7.3 The lifecycle for the project is documented in the process handbook for the project.
7.4 The following terms are used while describing the various lifecycles:
- Business Requirements Specification (BRS) - the requirements to be met by the software such as functional, performance, interface and processing requirements are specified in detail.
- Functional Specification (FS) – the implementation aspects of the BRS such as the functional, performance, interface and processing requirements through business modelling, use cases, screen specifications and business rules.
- Design Specification
- High Level design - the system is broken down into individual components. The interfaces between the components are identified.
- Detailed Design - the behaviour and composition of each of the components is defined.
- Coding - the design is translated into code in an appropriate programming language.
- Unit Testing - each of the components is tested individually to verify that the component satisfies its goals, such as functional, performance and reliability goals.
- Integration Testing - every combination of components is tested to verify that the combination functions correctly as intended.
- System Testing - the system is built as a whole and tested to verify its conformance to the defined requirements.
- Release - the components of the software (including all documentation and information necessary to build the software) are assembled together for shipment.
- Acceptance - the activity of obtaining the customer's agreement that all the required deliverables meet their defined requirements.
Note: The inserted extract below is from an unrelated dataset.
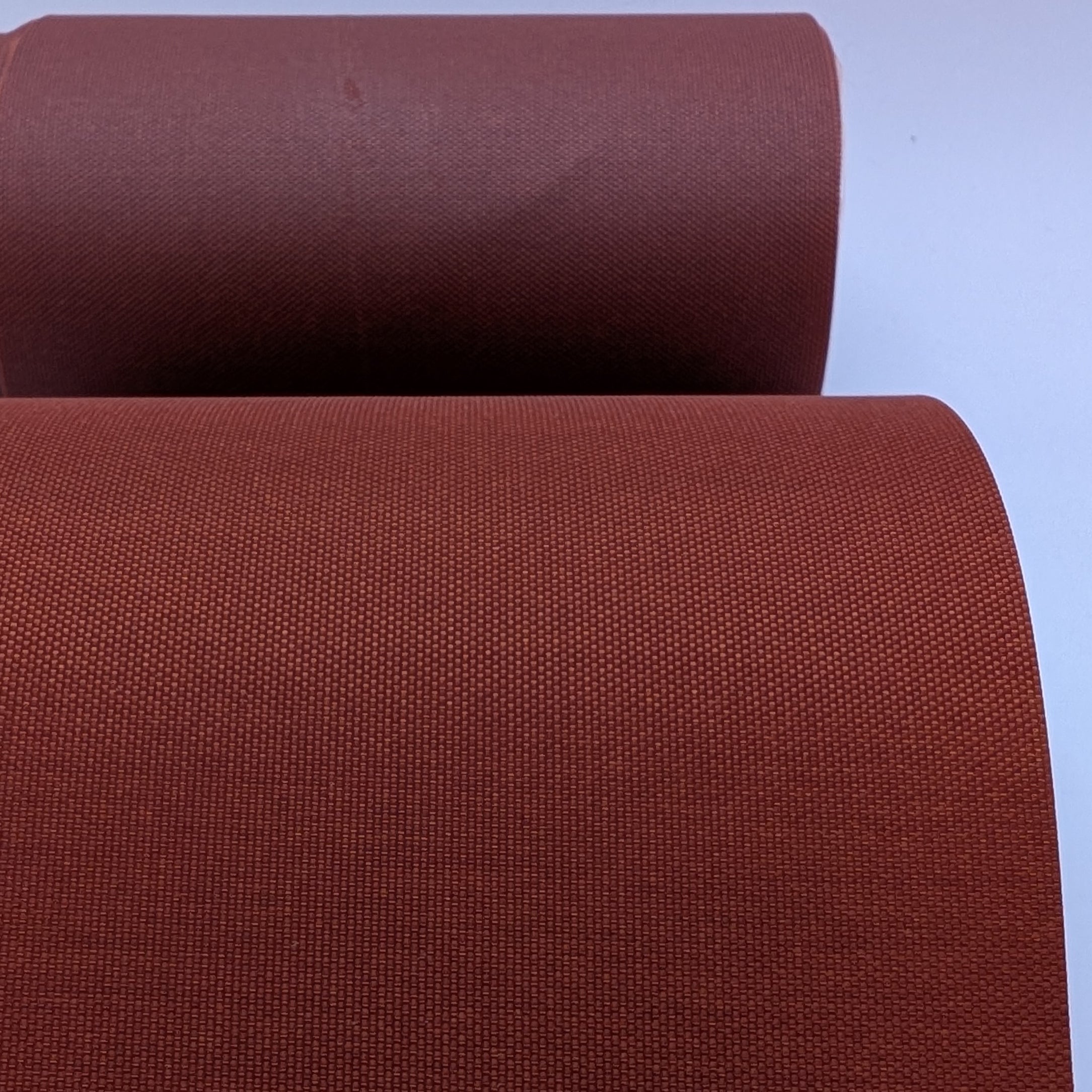 Polyester fabric with waterproof coating. Unusual stiffer handle. Rust shade. Clearance product

- Specification of conversion - the various items to be converted - such as operating system calls, blocks of code specific to the older system, utility routines, etc are identified along with how they will be converted.
- Re-engineering specification - the software items to be created or modified in order to build a system that satisfies the requirements are identified, and the modifications to be made to these are identified.
7.5 Prototyping can be performed at any of these phases and need not conform to the structure as described in this document. However, all resulting code and/or design must undergo the life cycle steps and controls before it can be used in the product. The process such as the one for Rapid Development will have to be approved by the General Manager/Quality Manager before it can be used in a project. In addition, such a development can be taken up only if the contract/LOI allows it.
Handling overlapping of phases
This Lifecycle Procedure recognises that the phases mentioned in the previous sections may overlap due
to project schedule requirements. In such cases, the following guidelines are applicable:
- The Project Manager identifies the phase overlap as a risk in the project plan and lists the steps taken to counter these risks. These may include the steps outlined below.
- The Project Manager ensures that the inputs for an activity are available before the activity commences. (For example, design specifications for a module must be reviewed and approved when coding for the module commences although design of other modules might not be complete). The Project Manager also ensures that such inputs are under version control.
- When a change in an item requires a change in other items / activities for which this has been used as an input, the Project Manager confirms if the change is really necessary.
- If yes, the Project Manager ensures that revised versions / amendments of the item, along with detailed descriptions of the changes, are made available to personnel performing subsequent activities.
- The Project Manager also performs an impact analysis and revises the project schedules, if necessary. Such schedule changes are highlighted in the project status report. The Project Manager also ensures that sufficient review / testing of the changes is performed.